__Your assignment__
Begin the copy at the line containing "Trpinjska cesta – Groblje tenkova" in the data below and end it at the line containing "V105 Prolungamento ponte su canale rivestito", keeping each line exact and leaving out pictures.

__Data for processing__

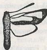
Fig. 2. Zygaena purpuralis BRÜNN.

Dificultatea determinării celor două specii a cauzat neșemnalarea lui Z. minos din fauna României și cunoașterea incompletă a răspândirii acestuia. Probabil specie sudest-europeană, Z. minos a fost semnalat din Grecia (ssp. diaphana ), Ungaria (FAZEKAS 1983, 1990), Cehia, Slovacia, Polonia, Țările de Jos, Sudul și centrul Peninsulei Scandinave, Austria (HUEMER & TARMANN 1983), Italia, Germania (ZUB 1996), Elveția (RESER-REZBANYAI 1994) și Franța (FAILLE 1994).
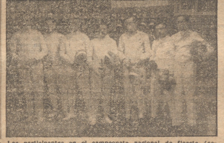
Los participantes en el campeonato nacional de florete (segunda categoría), prueba con la que dió comienzo el campeonato de España de esgrima.
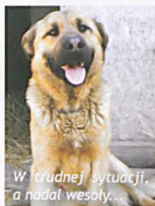
W trudnej sytuacji, a nadal wesoty...

Zachęcamy do dalszego wspierania finansowego, rzeczowego, wolontariatu, ODPOWIEDZIALNEJ ADOPCJI (w tym adopcji wirtualnej). Szczegółowe informacje o zwierzętach do adopcji uzyskują
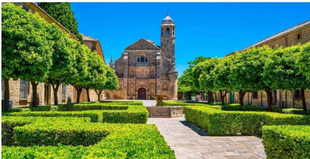
Ubeda (Jaén). Declarada Patrimonio Mundial por la UNESCO en 2003
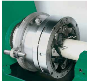
Zum Gewindescheiden und Gewinderollen: Längsschlitteneinheit zum Einsatz von Gewindeschneid-, bzw. Gewinderollköpfen
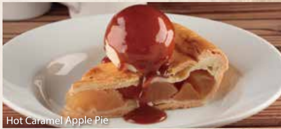
Hot Caramel Apple Pie

ホットキャラメルアップルパイ..... ¥750 ボリューム満点!温かいアップルパイの上に バニラアイスクリーム、キャラメルソースをトッピング。
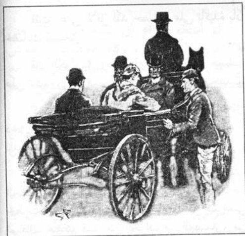
Sydney Paget 1892

لاحظت أن هولمز مسرور جداً، فقد قهقهه وفرك يديه ثم قال وهو يضغط على يدي: إنه تخمين موفق يا واطسون، تخمين موفق جداً.
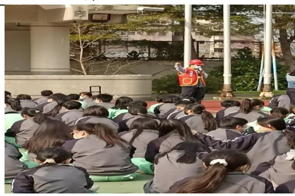
說明：聆聽校長講解防震知識
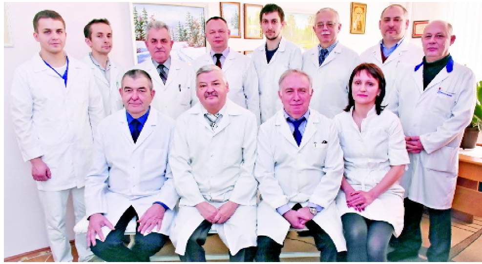
Колектив кафедри хірургії науково-навчального інституту післядипломної освіти
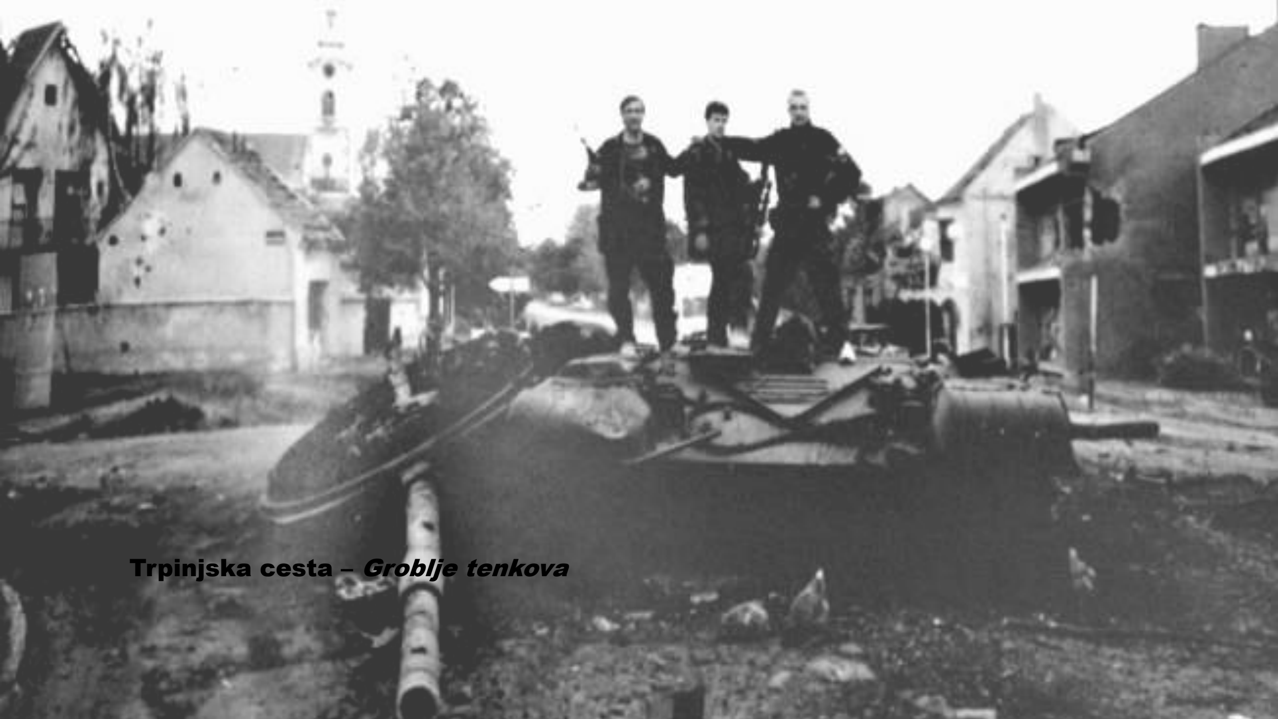
Trpinjska cesta – Groblje tenkova
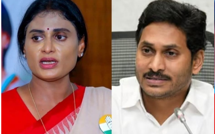
అంధ్రప్రదేశ్ నివాస్ స్యూస్ ఆగస్టు 9

తెలుగు రాష్ట్రాల్లో ఇద్దరు యువనాయకుల పరిస్థితి ఇంట్లో ఈగల మోత.. బయట పల్లెకీలో మోత అన్నట్లుగా మారింది. సొంత చెల్లెళ్లు రాఖీలు కట్టేందుకు సిద్ధంగా ఉండరు కానీ.. బయట నుంచి ఇతరులు మాత్రం వచ్చి.. మా అన్న మహాసభావుడు అని రాఖీలు కట్టేస్తూ ఉంటారు. సొంత చెల్లెళ్ల న్యాయం చేయని వారు బయట వారికే చేస్తారంటారని వారి ప్రత్యర్థులు విమర్శలు చేస్తారంటారు. ఈ సమస్యను వారు తెలివిగా పరిష్కరించుకోలేక రోడ్డుపై పడిపోతున్నారు. ఫలితంగా ఈ అన్నల ఇమేజ్ మనకబారిపోతోంది.
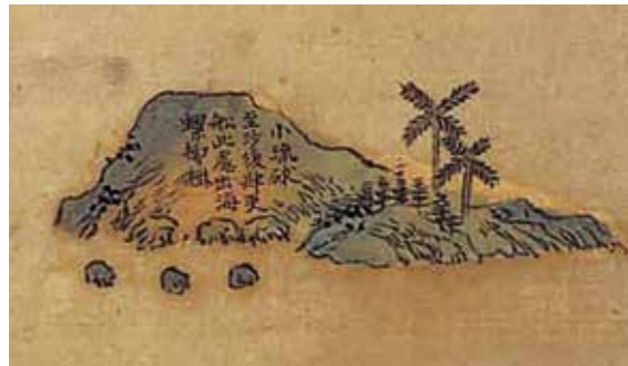
▲乾隆古輿圖中的小琉球。

兵相助，推測當時已有不少人因捕魚採集陸續搭寮居住。此事件可能導致小琉球遭官方封禁。
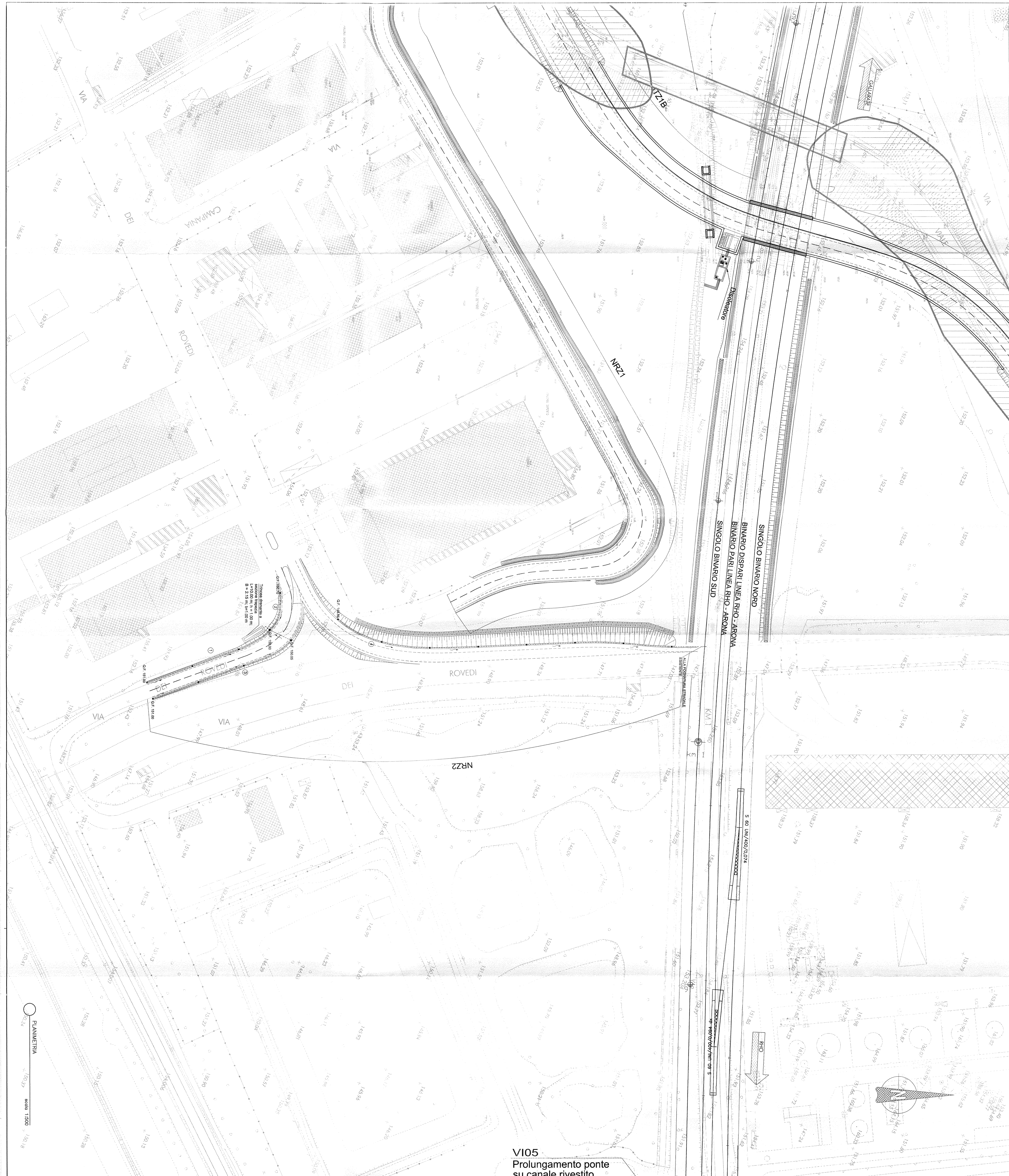
V105 Prolungamento ponte su canale rivestito
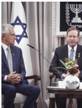
Ronaldo Caiado em encontro com o presidente de Israel, Isaac Herzog: líder israelense agradece apoio dos brasileiros
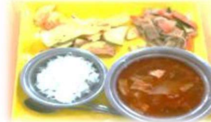
野菜炒め、具だくさんスープ、 スイートポテト、ライス
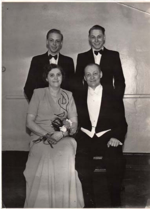
Familie-portræt 26-4-50 - sølvbryllup

Det næste var vist så, at de fandt på at købe kaffebær på Tingstedet i Valby. Det var i 1948, vistnok den 1. maj. De fik den hurtigt drevet op til en virkelig fin forretning med en masse stamkunder, som både hentede madpakker, inden de om morgenen gik på arbejde, men som også kom og spiste middagsmad efter dagens møje og besvær. Også der var de myreflittige og begyndte kl 4 om morgenen, med at forberede dagens gøremål, smøre smørrebrød og koge kaffe.
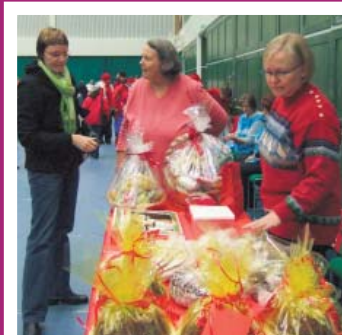
Joulumyyjäisissä on aina oma hieno tunnelmansa.
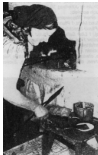
Klemmkuchenbacken in einem Wandkamin in der Stube 1930er Jahre.

Ein Foto aus den 1940er Jahren von der Ruine des ehemaligen Armenhauses in Meinsdorf zeigt einen Stubenkamin in den massiven Mauern des Küchenblocks. Schließlich erhielt ich ein Foto aus den 1930er Jahren, welches eine Frau beim Backen an einem Stubenkamin zeigt
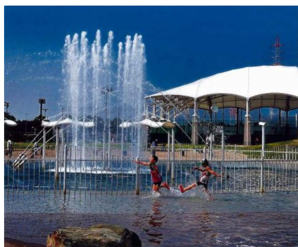
「子供の樂園」 (浜町:碧南市臨海公園) 神谷芳夫
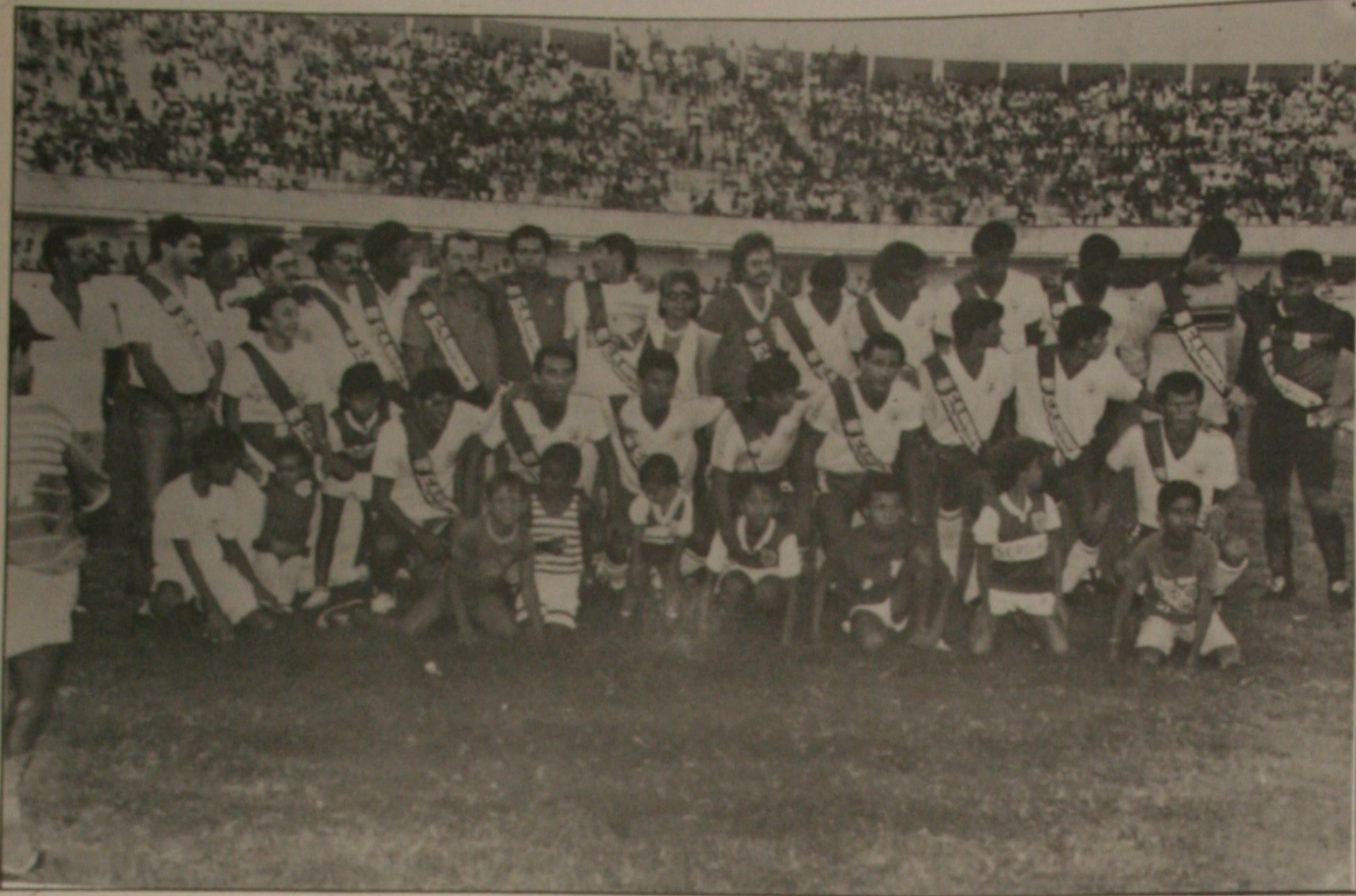
Os jogadores de 89 receberam as faixas e perderam para o Confiança por 2x1.
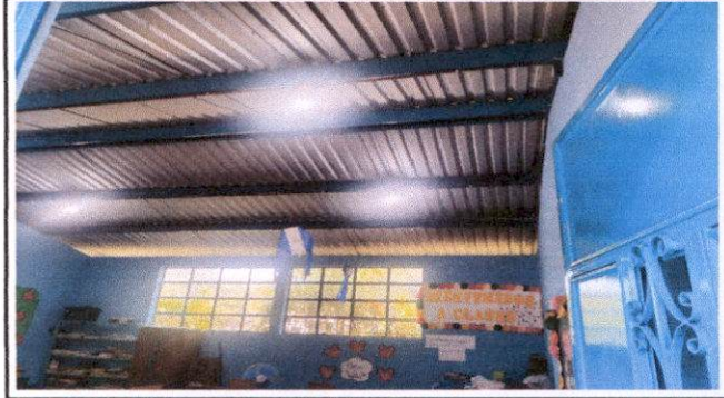
Sistema Electrico, cambio de lamparas
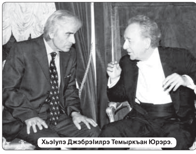
Хьэлупэ Джэбрэилрэ Темыркхан Юрэрэ.

ХьэцІыкІу Раисэ, егъэджакуэ, «Адыгэ дуней» лъэкпэ фондым и къызгъэпэщцлэуэ.
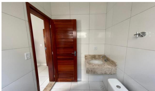
Descrição: BANHEIRO SOCIAL
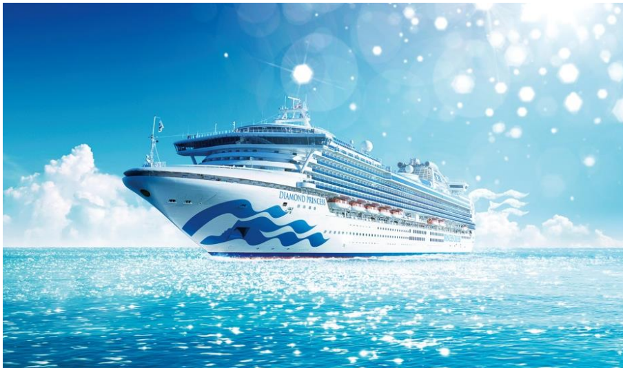
ダイヤモンド・プリンセス

～ダイヤモンド・プリンセスを背景に写真を撮ってInstagramに投稿すると船内見学会などが当たる他、 メールマガジン登録で会場限定オリジナルカクテル*を先着1,000名様にプレゼント！～
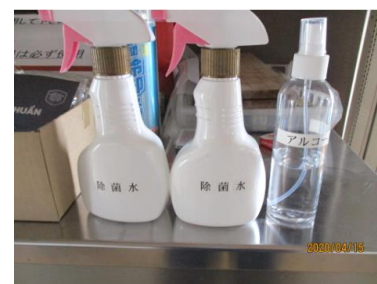
除菌水を全事業所、全車両へ配備し接触感染防止に努めております。

__Response__
Trpinjska cesta – Groblje tenkova
అంధ్రప్రదేశ్ నివాస్ స్యూస్ ఆగస్టు 9

తెలుగు రాష్ట్రాల్లో ఇద్దరు యువనాయకుల పరిస్థితి ఇంట్లో ఈగల మోత.. బయట పల్లెకీలో మోత అన్నట్లుగా మారింది. సొంత చెల్లెళ్లు రాఖీలు కట్టేందుకు సిద్ధంగా ఉండరు కానీ.. బయట నుంచి ఇతరులు మాత్రం వచ్చి.. మా అన్న మహాసభావుడు అని రాఖీలు కట్టేస్తూ ఉంటారు. సొంత చెల్లెళ్ల న్యాయం చేయని వారు బయట వారికే చేస్తారంటారని వారి ప్రత్యర్థులు విమర్శలు చేస్తారంటారు. ఈ సమస్యను వారు తెలివిగా పరిష్కరించుకోలేక రోడ్డుపై పడిపోతున్నారు. ఫలితంగా ఈ అన్నల ఇమేజ్ మనకబారిపోతోంది.
▲乾隆古輿圖中的小琉球。

兵相助，推測當時已有不少人因捕魚採集陸續搭寮居住。此事件可能導致小琉球遭官方封禁。
V105 Prolungamento ponte su canale rivestito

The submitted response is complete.